Your copy of the entries below should hold exactly the lines from the one containing "연애할 때 나는 어떤" to the one containing "Built-in Outdoor Kitchen", inclusive, and no pictures.

• [DATASET EXTRACT]
▶

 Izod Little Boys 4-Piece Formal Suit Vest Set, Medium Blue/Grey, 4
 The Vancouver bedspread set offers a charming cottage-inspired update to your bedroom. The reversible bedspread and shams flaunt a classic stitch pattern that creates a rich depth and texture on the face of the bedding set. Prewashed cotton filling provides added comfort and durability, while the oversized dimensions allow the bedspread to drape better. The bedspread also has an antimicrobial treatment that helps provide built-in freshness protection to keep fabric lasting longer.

◀
▶

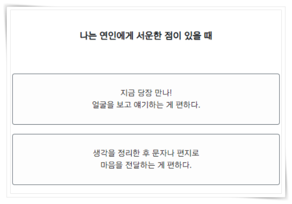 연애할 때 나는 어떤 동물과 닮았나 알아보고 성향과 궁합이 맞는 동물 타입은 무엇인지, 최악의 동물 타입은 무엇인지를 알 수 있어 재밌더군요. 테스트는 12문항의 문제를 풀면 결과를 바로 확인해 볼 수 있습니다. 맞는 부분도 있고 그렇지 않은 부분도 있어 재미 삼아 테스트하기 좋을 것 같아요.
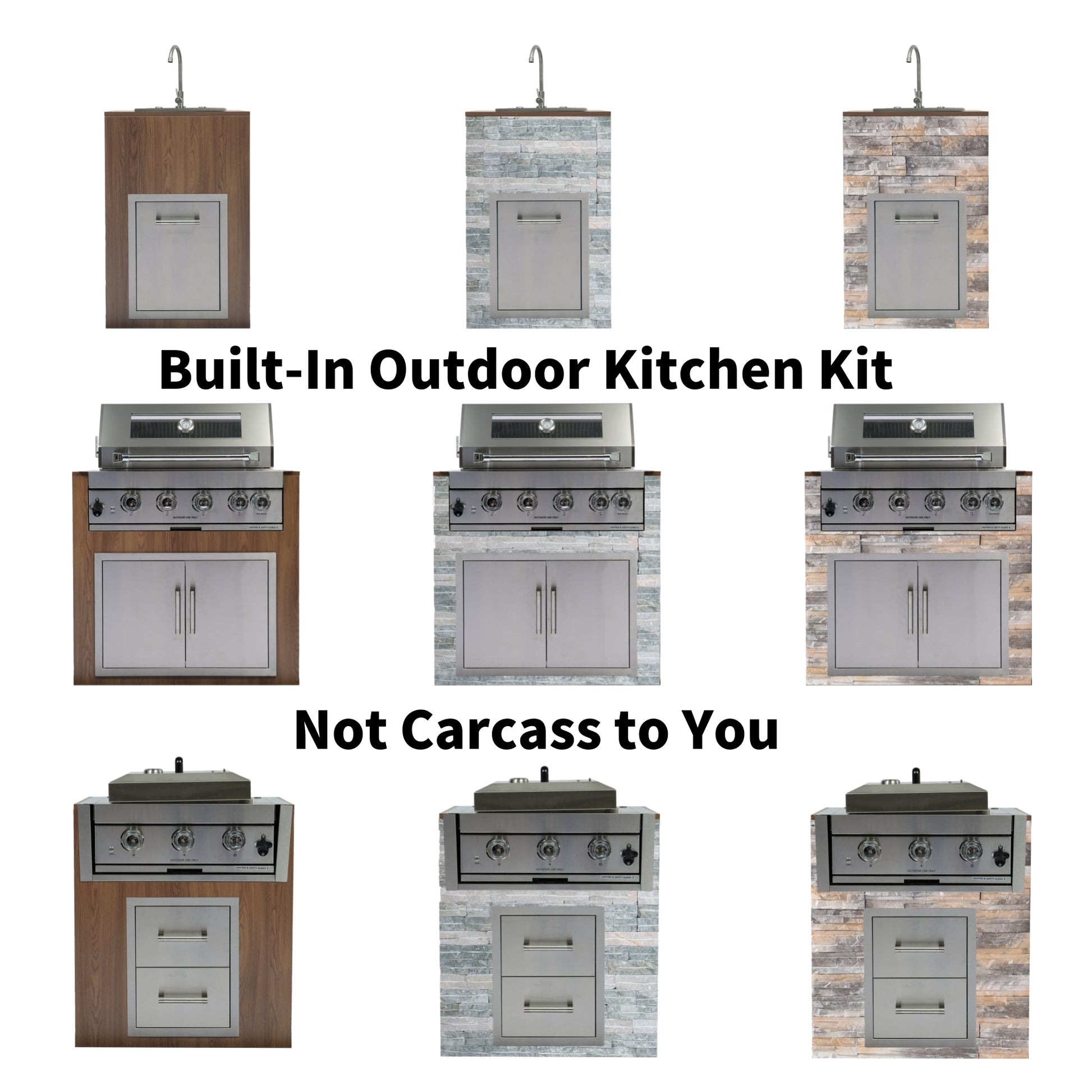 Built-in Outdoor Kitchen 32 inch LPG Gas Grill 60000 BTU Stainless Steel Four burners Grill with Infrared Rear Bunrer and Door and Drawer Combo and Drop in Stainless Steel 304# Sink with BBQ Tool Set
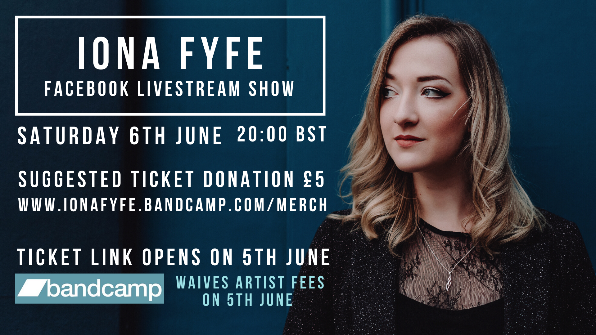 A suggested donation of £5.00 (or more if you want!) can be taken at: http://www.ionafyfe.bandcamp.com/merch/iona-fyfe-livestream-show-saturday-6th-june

◀

• [RESPONSE AREA]
 연애할 때 나는 어떤 동물과 닮았나 알아보고 성향과 궁합이 맞는 동물 타입은 무엇인지, 최악의 동물 타입은 무엇인지를 알 수 있어 재밌더군요. 테스트는 12문항의 문제를 풀면 결과를 바로 확인해 볼 수 있습니다. 맞는 부분도 있고 그렇지 않은 부분도 있어 재미 삼아 테스트하기 좋을 것 같아요.
 Built-in Outdoor Kitchen 32 inch LPG Gas Grill 60000 BTU Stainless Steel Four burners Grill with Infrared Rear Bunrer and Door and Drawer Combo and Drop in Stainless Steel 304# Sink with BBQ Tool Set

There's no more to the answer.